Testa non lo sapeva. Non sapeva nemmeno, mesi fa, che il carbone pulito è un’idiozia, una fantatecnologia da Star Trek con cui qualcuno vuole convincere le popolazioni del Polesine e dell’Alto Lazio che impiantare due megamostri a carbone da 2600 MW non comporterà alcun effetto dannoso per la salute dei residenti, per l’agricoltura e per la pesca. Testa diceva che la Cina e l’India inquinano così tanto che, centrale più o centrale meno, di merda ne respiriamo comunque a tonnellate.

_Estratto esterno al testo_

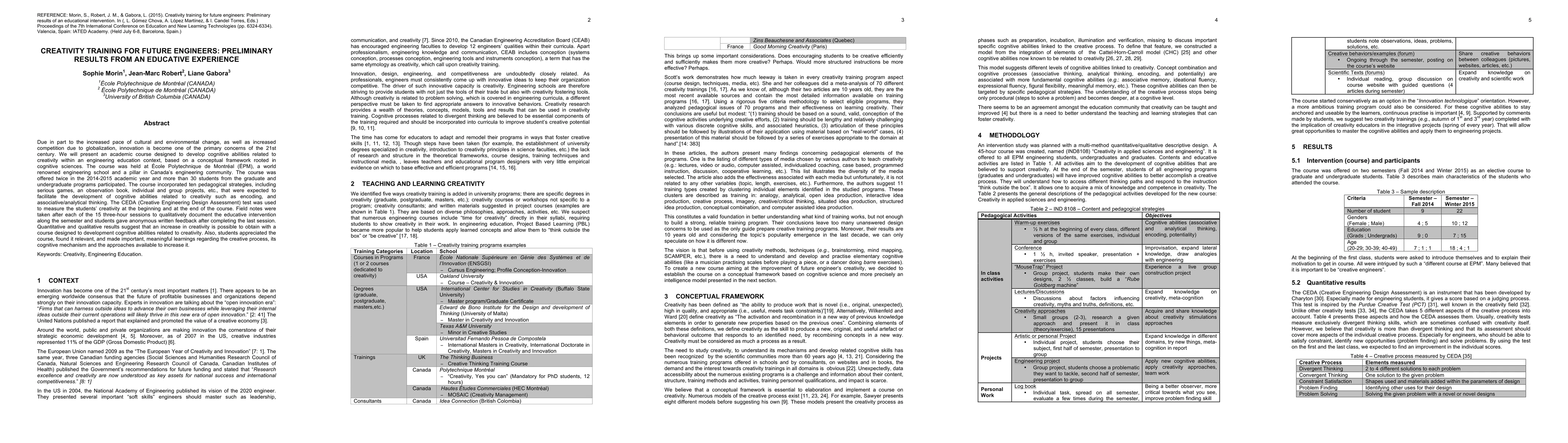 A university course successfully improved students' creativity skills through a 15-session program incorporating pedagogical strategies like serious games and group projects. Students showed increased creativity and appreciation for the course's content, suggesting its effectiveness in developing cognitive abilities related to innovation.

E’ vero. Ma, piccolo particolare, l’umanità si trova a dover tentare di salvare il Pianeta dalla catastrofe, e non di finire di spremerlo come un limone, quasi ne avesse un altro su cui andare a vivere. Questo è un concetto che nella testa di Testa non ha trovato asilo.
Tralasciamo tutto il resto, su cui è meglio stendere un velo pietoso. Sorvoliamo sui dietrofront di questo "ambientalista per professione", che nel 1987 fu tra i promotori del referendum contro il nucleare ed ora va in giro a raccontare che "non è immaginabile un mondo senza il nucleare". Sorvoliamo sul periodo di presidenza dell'ENEL, sorvoliamo su tutto.
Un capitolo a sé meriterebbe il suo insigne collega Realacci, altro apologeta dell’ “ambientalismo del sì”, che consiste nell’autodefinirsi ambientalisti e dire di sì a tutti gli scempi possibili ed immaginabili, dagli inceneritori al ponte sullo Stretto, dalla perforazione delle rocce amiantifere della Val di Susa al Mose, tutte “grandi opere” guarda caso targate Impregilo...
Ma forse non è un caso che gente come Testa e Realacci vengano chiamati a parlare di ambiente nei salotti televisivi: la loro totale ignoranza in materia ambientale, forse mista a malafede e ad una buona dose di faziosità sviluppista, li rende degni rappresentanti di spicco di un sedicente movimento ambientalista autoreferenziale e trasversale in una penisola dove tutto è a rovescio.